It should not need repeating that compliance with constitutional standards may not be frustrated by legislative inaction or failure to provide the necessary funds, Gates v. Collier, supra, at 1319; Smith v. Sullivan, 5 Cir., 1977, 553 F.2d 373.

On the other hand, lawful incarceration necessitates withdrawal of or limitations upon many individual privileges and rights. A prisoner does not retain constitutional rights that are inconsistent with his status as a prisoner or with the legitimate penological objectives of the corrections system. Wide ranging deference must be accorded the decisions of prison administrators. They, and not the courts, must be permitted to make difficult judgments concerning prison operations, Jones v. North Carolina Prisoners’ Labor Union, Inc. [1977], — U.S. —, 97 S.Ct. 2532, 53 L.Ed.2d 629. In his concurring opmQnir/ Jones, Mr. Chief Justice Berger'wrote that in penal matters the federal courts may not “second guess” legislatures and prison administrators except in the most extraordinary circumstances.

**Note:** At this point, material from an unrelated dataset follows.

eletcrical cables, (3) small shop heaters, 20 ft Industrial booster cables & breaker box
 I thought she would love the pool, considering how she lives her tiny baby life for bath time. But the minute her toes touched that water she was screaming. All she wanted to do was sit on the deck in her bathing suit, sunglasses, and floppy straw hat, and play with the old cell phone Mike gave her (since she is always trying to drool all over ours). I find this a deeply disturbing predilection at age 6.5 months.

The present case is somewhat similar to Rizzo v. Goode, 423 U.S. 362, 96 S.Ct. 598, 46 L.Ed.2d 561. There petitioners claimed that the judgment of the District Court represented an unwarranted intrusion by the federal judiciary into the discretionary authority committed to them by state and local law to perform their official functions. The Supreme Court found itself “substantially in agreement with th(o)se claims”, at 366, 96 S.Ct. at 602. The case involved an “assertedly pervasive pattern of illegal and unconstitutional mistreatment by police officers”.

The Supreme Court said,

“Where, as here, the exercise of authority by state officials is attacked, federal courts must be constantly mindful of the ‘special delicacy of the adjustment to be preserved between federal equitable power and state administration of its own law’. * * * Even in an action between private individuals, it has long been held that an injunction is ‘to be used sparingly, and only in a clear and plain case’.”

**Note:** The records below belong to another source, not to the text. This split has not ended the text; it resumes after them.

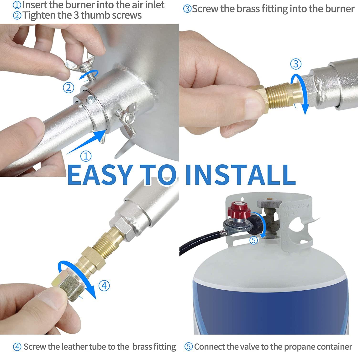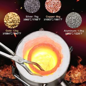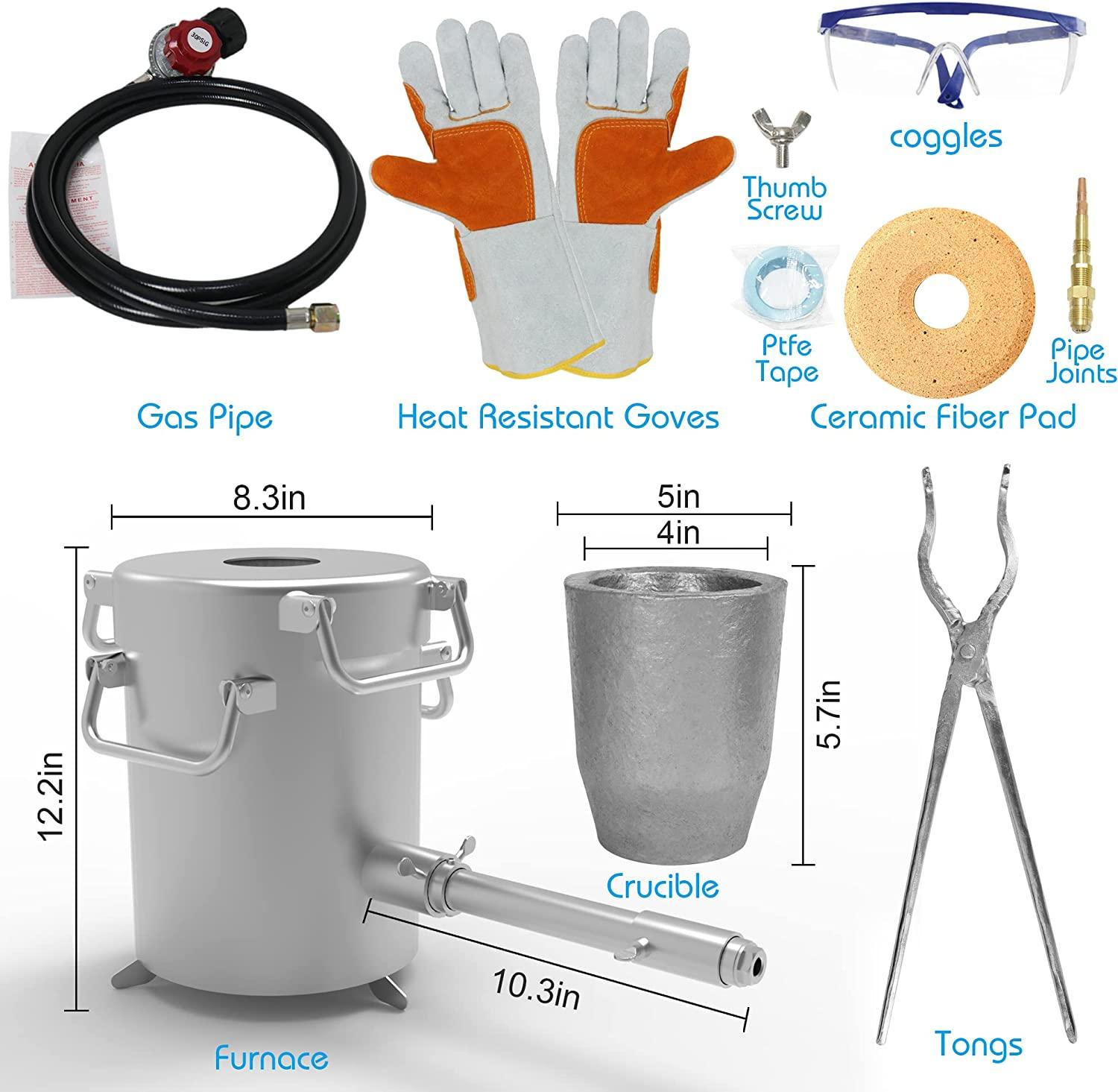 Full package: Our propane furnace is equipped with a series of required accessories: furnace*1, crucible*1, tongs*1, ceramic fire plate*1 (only for crucible heated by heat insulation, not in furnace), air intake duct*1, regulating valve*1, PTFE tape *1, instruction manual*1, heat-resistant gloves*1, goggles*1. Bring safety and convenience to your use.
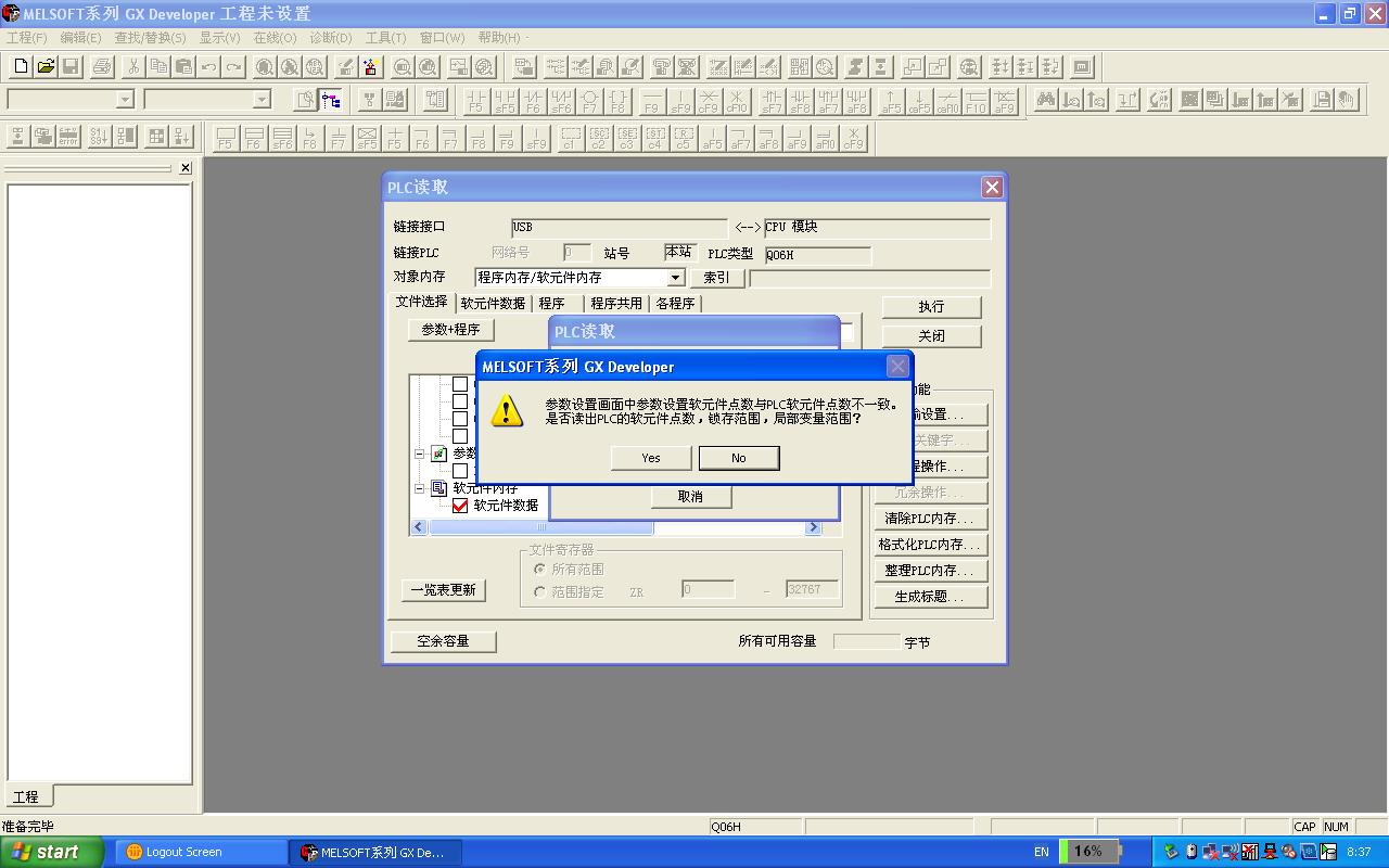在从三菱PLC下载软元件内存时出现的问题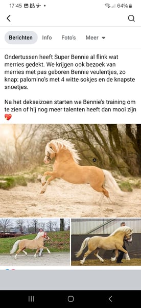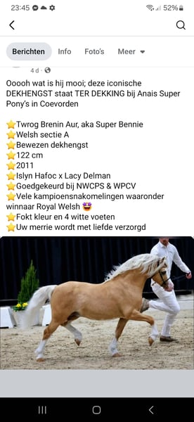 Super knappe Welsh ster merrie te koop! Met een prachtige afstamming. Heniarth Question x Beymark Stephen. Perfect om mee te fokken, dit hebben wij dus ook gedaan, ze is drachtig van de bewezen hengst; Twrog Brenin Aur; Islyn Hafoc x Lacy Delman. (Zie foto's) 16april is ze uitgerekend. Ze kan ook uitmuntend draven! Heerlijk showen, in de ring. Een echte showpony, dit heeft ze ook wel al bewezen, bij verschillende keuringen. We hebben er hier 3keer opgezeten, dit zou door een ervaren ruitertje opgepakt kunnen worden, maar ze is wat onzeker tijdens rijden. Wat haar niet geschikt maakt voor een onervaren ruitertje vinden wij zelf. Vandaar dat ik haar als fokmerrie verkoop. Eigenlijk kunnen we niet wachten totdag het veulen er is, maar we zijn tegen een bixie pony aangelopen voor onze dochter, en aangezien we niet alles kunnen houden, kijken we toch of we een passend huis kunnen vinden voor Catlyn. Voor vragen bel even naar: 0638365498.

[287]*287The Court concluded that when the District Court injected itself into the internal disciplinary affairs of the Philadelphia Police Department, a state agency, it had departed from the controlling precepts of federalism in determining the availability and scope of equitable relief. The judgment of the Court of Appeals affirming the decree of the District Court which directed the imposition of a comprehensive program for dealing adequately with civilian complaints was reversed.

This does not mean that Constitutional standards are not to be scrupulously observed or that the statutes designed to enforce that objective are to be denied full effect. It does mean in the prison context that federal courts should keep their eyes on the main objective, the Eighth Amendment command for the eradication of cruel and unusual punishment. The remedy must be designed to accomplish that goal, not to exercise judicial power for the attainment of what we as individuals might like to see accomplished in the way of ideal prison conditions. There are those who would argue that imprisonment in any form is cruel and unusual. The Amendment, however, recognizes the right to punish for criminal conduct as long as that punishment does not escalate to the cruel and unusual.

For example, we have held that visitation privileges are matters subject to the discretion of prison officials, McCray v. Sullivan, 5 Cir., 1975, 509 F.2d 1332, 1334.

Failure of prison authorities to provide a rehabilitation program does not by itself constitute cruel and unusual punishment, Ibid, at 1335.

Federal courts are extremely reluctant to limit the freedom of prison officials to classify prisoners as they, in their broad discretion, may deem appropriate, Ibid, at 1334; Young v. Wainwright, 5 Cir., 1971, 449 F.2d 338.

State penitentiaries are occupied by convicted felons, either ineligible for or found to be unworthy of probation. By its very nature, the operation of such a prison is a dangerous undertaking. Time and time again, experience has dramatically taught that the management and control of prisons, the prevention of mass violence within prisons, and the safe retention of convicts within prison walls, present problems of the first magnitude, in which failures occur all too often, as recently demonstrated at Brushy Mountain, Tennessee. There was intense nationwide interest when a notorious prisoner escaped but not much concern had previously been shown for the problems of prison officials in trying to hold him inside the walls.

The authority to manage and control a felony prison should never be unduly restricted or divided. That authority must repose in one well identified place, limited only by the requirements of the law.

I

This appeal is concerned with the remedies prescribed by the very able District Court for the eradication of cruel and unusual punishment in the Alabama State Prison System, Pugh v. Locke, 406 F.Supp. 318 (M.D.Ala., 1976). At the federal level this involves a comparatively new field of the law. It was not until 1962 that the Supreme Court applied the Eighth Amendment ban to the states through the Fourteenth Amendment, Robinson v. State of California, 370 U.S. 660, 82 S.Ct. 1417, 8 L.Ed.2d 758.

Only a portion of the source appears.